It took Ukrainian officials two months to acknowledge that the story was a myth. “The ghost of Kyiv is a legend of superheroes, whose character was created by Ukrainians,” the Ukrainian Air Force Command said on Facebook on April 30. “Please don’t fill the information space with fakes!”
The ghost of Kyiv was an early lesson for Ukrainian officials, says Laura Edelson, a computer scientist at New York University who investigates political communication. “I think they withdrew on that kind of thing. When you talk in Western Europe and North America, you need to be perceived as reliable,” he says. “There was a pivot from telling the story of this legendary fighter pilot to telling the stories of everyday Ukrainians.”
Ukrainian propaganda must speak to multiple audiences: the Ukrainians themselves, the English-speaking world and also the people of Russia. At the national level, morale is crucial to the country’s success in a brutal war. People need to feel that they are defending more than just their piece of land, Edelson says. “You have to be defending your common identity. You have to be defending your sense of self,” he added.

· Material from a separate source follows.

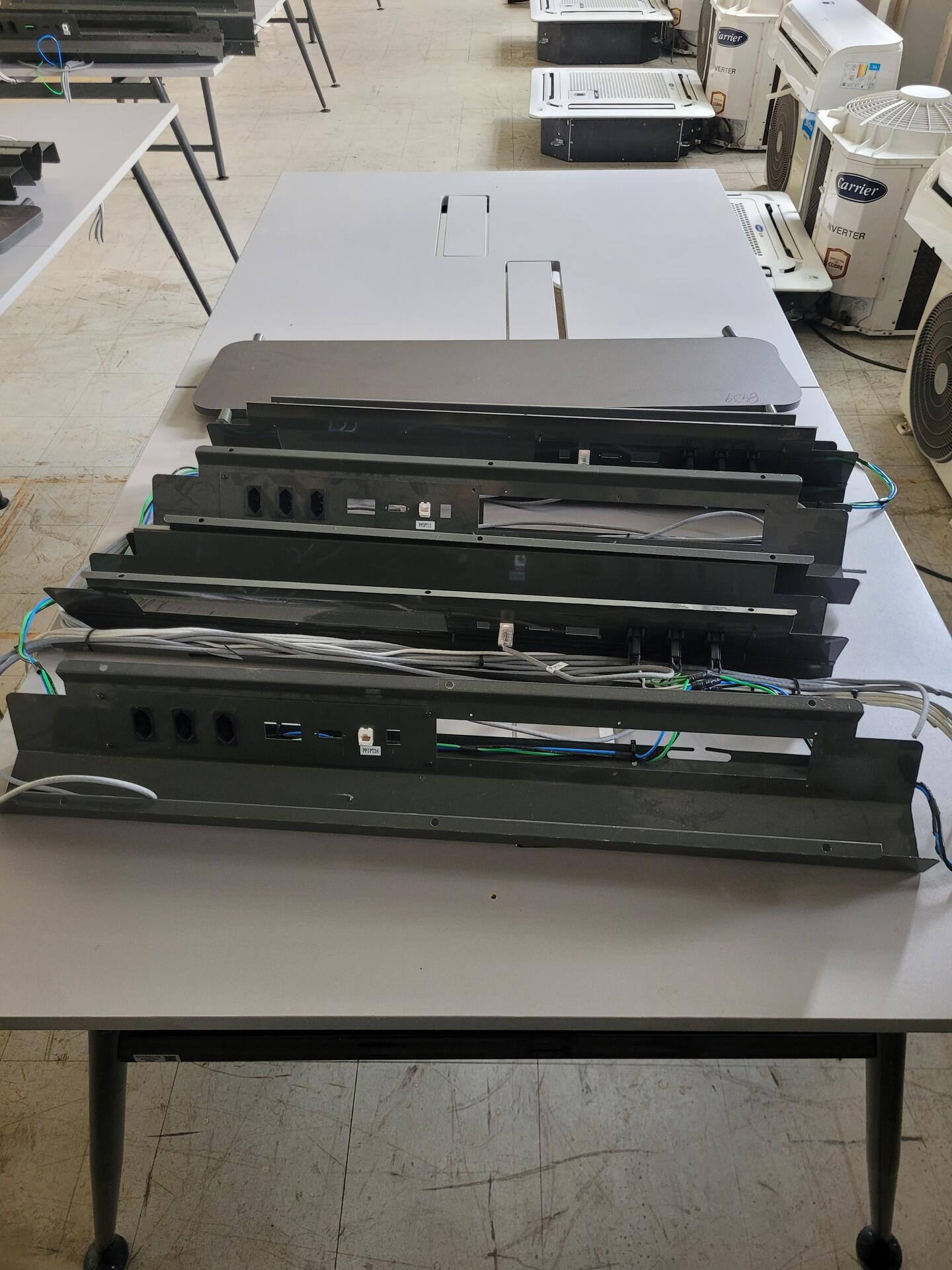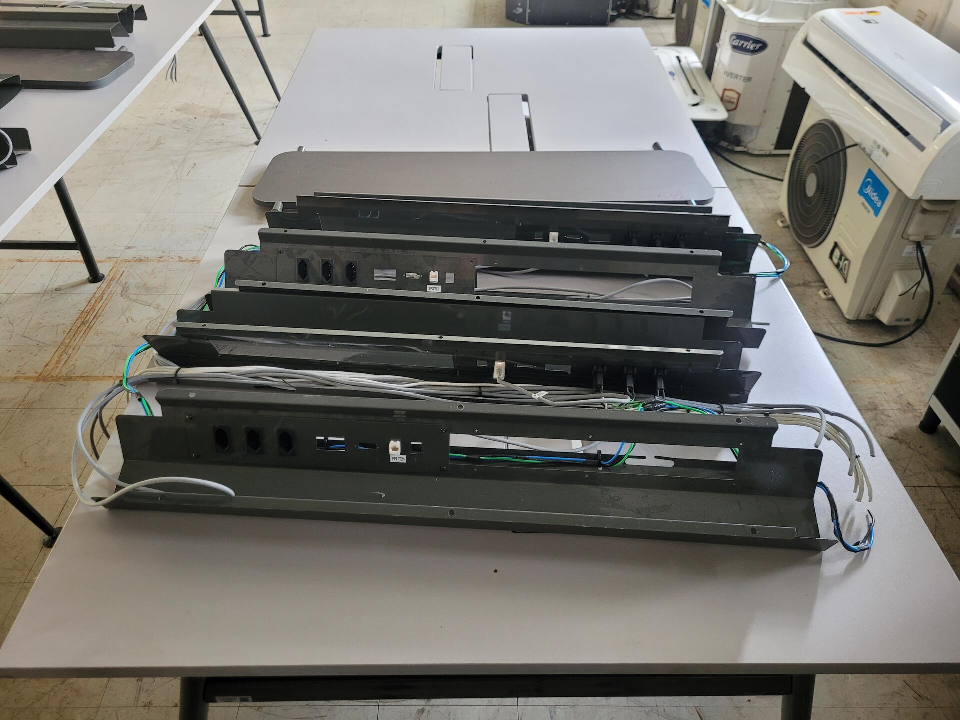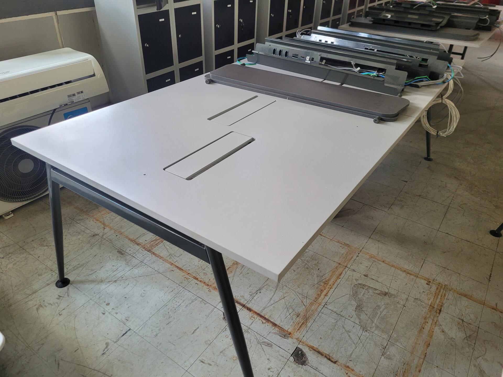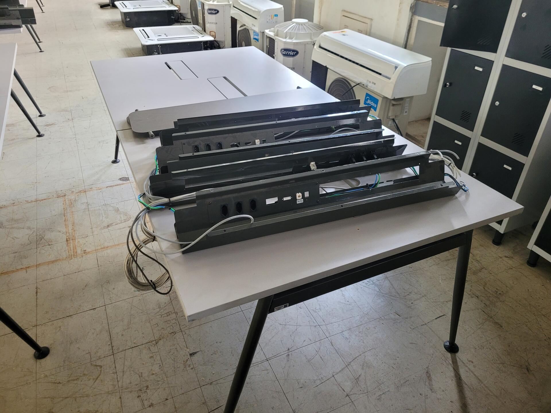 MESA ESTAÇÃO DE TRABALHO COM ABERTURA PARA TOMADAS PREMIUM EM AÇO E MDF REVESTIDO

Fostering resistance will be even more crucial if Russia tries to hold referendums in the occupied territories, says Paul Baines, a professor of political marketing at the University of Leicester School of Business. “This is a way of trying to ensure that people in these areas do not vote in these fake referendums,” he said of Ukraine’s communication strategy. In late April, Fedorov posted a video in the Telegram combining the Banda campaign brand with images of the then Russian-occupied city of Kherson. “In Kherson, residents are once again going to a rally to tell the occupants that there will be no ‘referendums,'” Federov wrote. “Thank you for your courage.”
But domestic communication must also align with international messages: that if Ukraine had better weapons, it could beat Russia, and that democracy in Europe depends on the country’s success. “It simply came to our notice then [the information war]sanctions depend on it, ”says Jon Roozenbeek, a disinformation researcher at Cambridge University.
That’s why Banda’s courage campaign was launched around the world, with ads in English changing the word courage for the word courage. The word bravery, with the letter Band and flanked in blue and yellow, has been shown in New York Times Square and it was the backdrop for a speech by the Prime Minister of the United Kingdom, Boris Johnson, in May.
Since the launch of the Banda campaign, the idea of everyday heroism as a reinforcement of morality has become a commonplace in Ukraine, with deputies and civil society groups echoing the message. “Each volunteer project has its own mission and goal, but they all tell stories of how Ukrainians fight, which sets an example for others and inspires them to join the fight or continue to fight,” said Nataliia Mykolska, co-founder of Data Battalion. an open source database that collects photos and videos of the Russian aggression.
“I don’t think Ukraine will win this war just because of the campaign of bravery, far from it,” Baines says. “But it is part of the puzzle of how they ensure that the West continues to give them weapons and that their own people resist Russian efforts to seize their sovereignty.”